- **WHAT THIS TASK INVOLVES**: Look through the data below and output, unchanged, every line from the one holding "Boreas - 1 Light" through the one holding "Sollte PEPE den", inclusive. Skip the pictures.

====== INPUT RECORDS ======

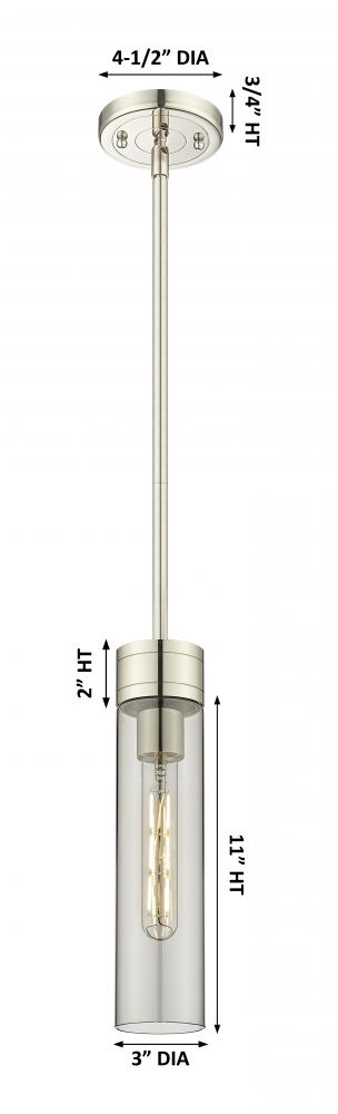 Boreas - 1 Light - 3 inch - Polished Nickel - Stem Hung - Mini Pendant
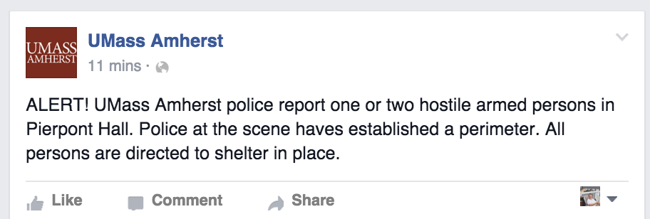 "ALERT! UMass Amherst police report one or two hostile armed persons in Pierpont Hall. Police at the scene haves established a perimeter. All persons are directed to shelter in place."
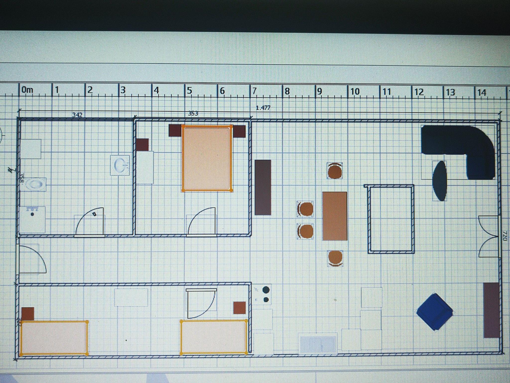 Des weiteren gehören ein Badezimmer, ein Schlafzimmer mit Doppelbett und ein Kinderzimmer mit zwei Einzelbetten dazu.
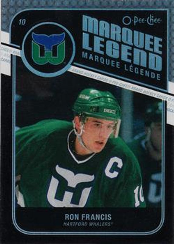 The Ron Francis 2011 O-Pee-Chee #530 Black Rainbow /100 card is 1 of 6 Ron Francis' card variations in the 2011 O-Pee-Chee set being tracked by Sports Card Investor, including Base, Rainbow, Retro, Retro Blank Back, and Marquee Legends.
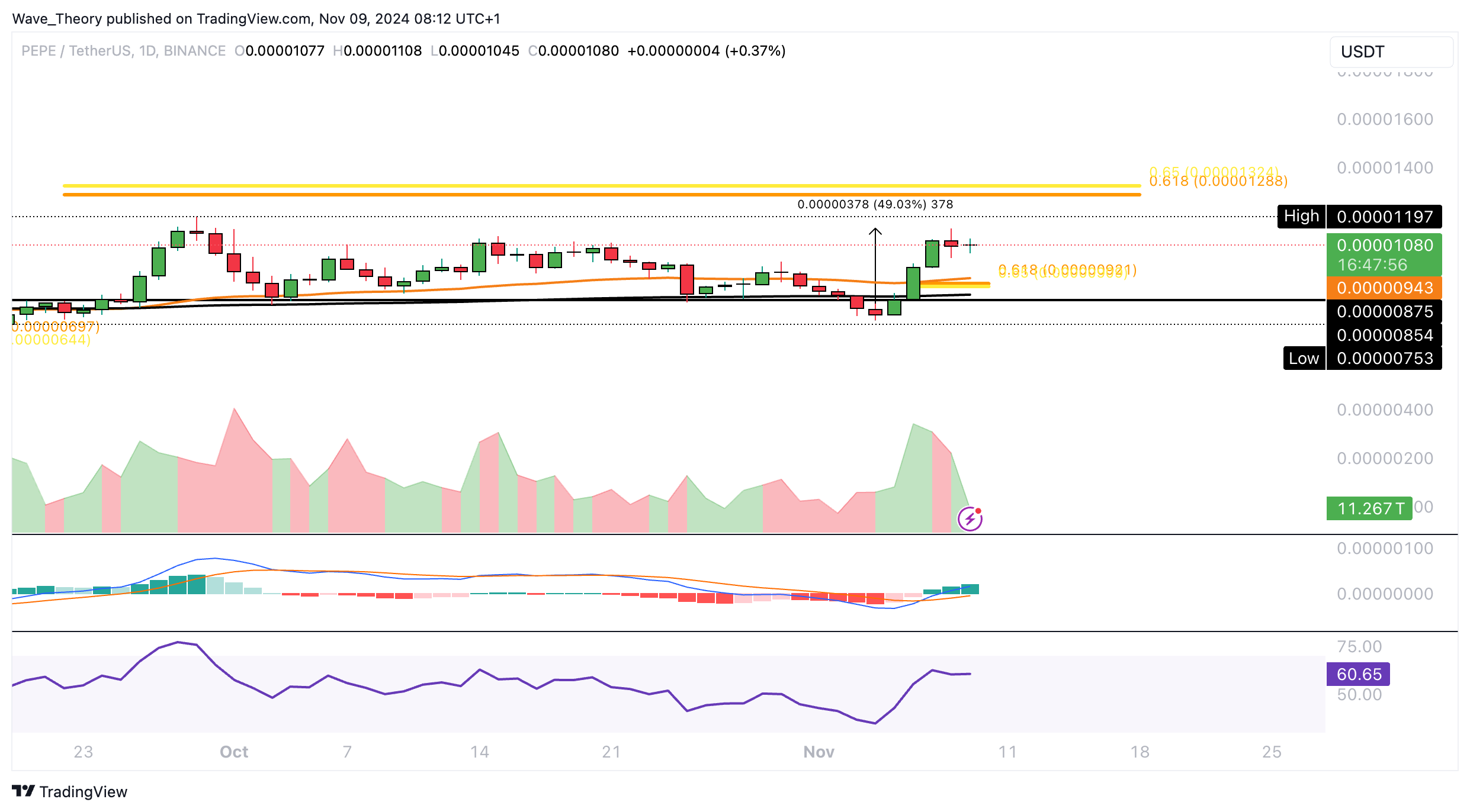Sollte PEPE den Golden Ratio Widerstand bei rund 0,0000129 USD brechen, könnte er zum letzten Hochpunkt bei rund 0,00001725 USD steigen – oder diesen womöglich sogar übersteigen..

======
====== INPUT RECORDS ======

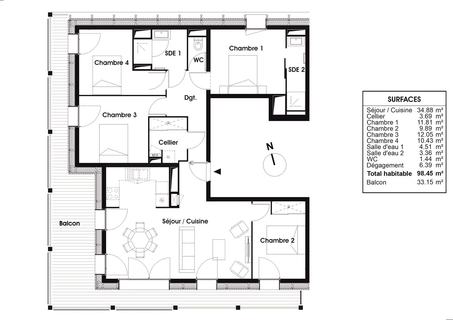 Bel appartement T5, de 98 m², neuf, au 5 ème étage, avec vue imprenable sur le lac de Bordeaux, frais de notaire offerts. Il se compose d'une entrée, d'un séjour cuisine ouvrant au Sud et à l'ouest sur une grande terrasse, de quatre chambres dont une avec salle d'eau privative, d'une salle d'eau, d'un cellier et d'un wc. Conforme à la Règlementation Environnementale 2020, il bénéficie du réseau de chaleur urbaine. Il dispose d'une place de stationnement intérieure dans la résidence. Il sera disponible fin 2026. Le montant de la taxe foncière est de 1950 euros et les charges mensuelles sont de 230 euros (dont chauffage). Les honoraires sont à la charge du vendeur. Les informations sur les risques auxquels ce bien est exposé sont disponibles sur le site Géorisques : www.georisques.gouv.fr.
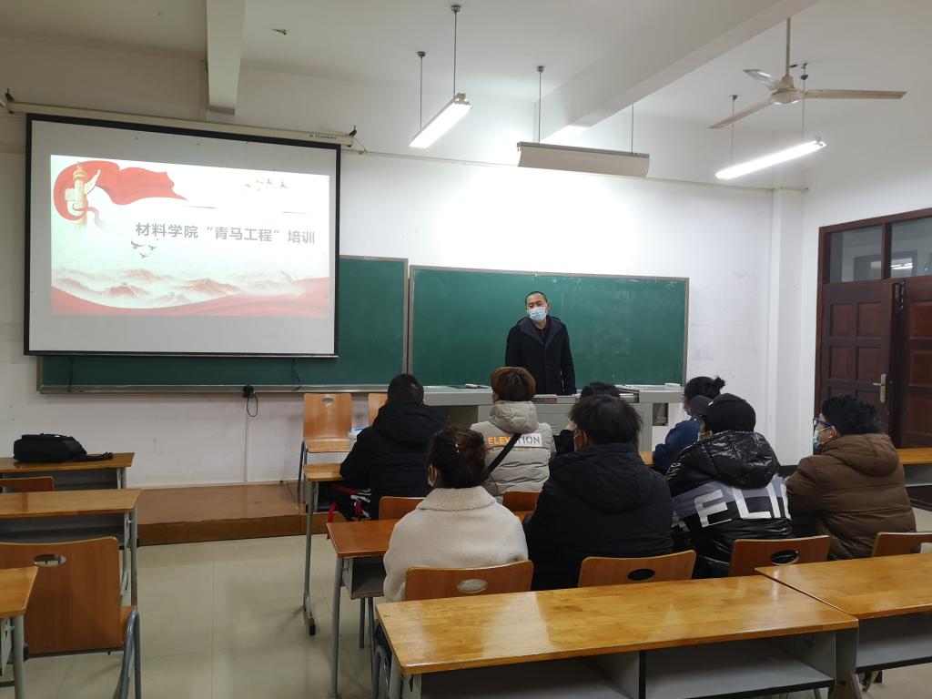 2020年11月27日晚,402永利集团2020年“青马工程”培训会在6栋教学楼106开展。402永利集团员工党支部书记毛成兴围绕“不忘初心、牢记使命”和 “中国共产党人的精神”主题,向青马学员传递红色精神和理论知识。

======

- **REPLY TO THE EXERCISE**:
 Boreas - 1 Light - 3 inch - Polished Nickel - Stem Hung - Mini Pendant
 "ALERT! UMass Amherst police report one or two hostile armed persons in Pierpont Hall. Police at the scene haves established a perimeter. All persons are directed to shelter in place."
 Des weiteren gehören ein Badezimmer, ein Schlafzimmer mit Doppelbett und ein Kinderzimmer mit zwei Einzelbetten dazu.
 The Ron Francis 2011 O-Pee-Chee #530 Black Rainbow /100 card is 1 of 6 Ron Francis' card variations in the 2011 O-Pee-Chee set being tracked by Sports Card Investor, including Base, Rainbow, Retro, Retro Blank Back, and Marquee Legends.
Sollte PEPE den Golden Ratio Widerstand bei rund 0,0000129 USD brechen, könnte er zum letzten Hochpunkt bei rund 0,00001725 USD steigen – oder diesen womöglich sogar übersteigen..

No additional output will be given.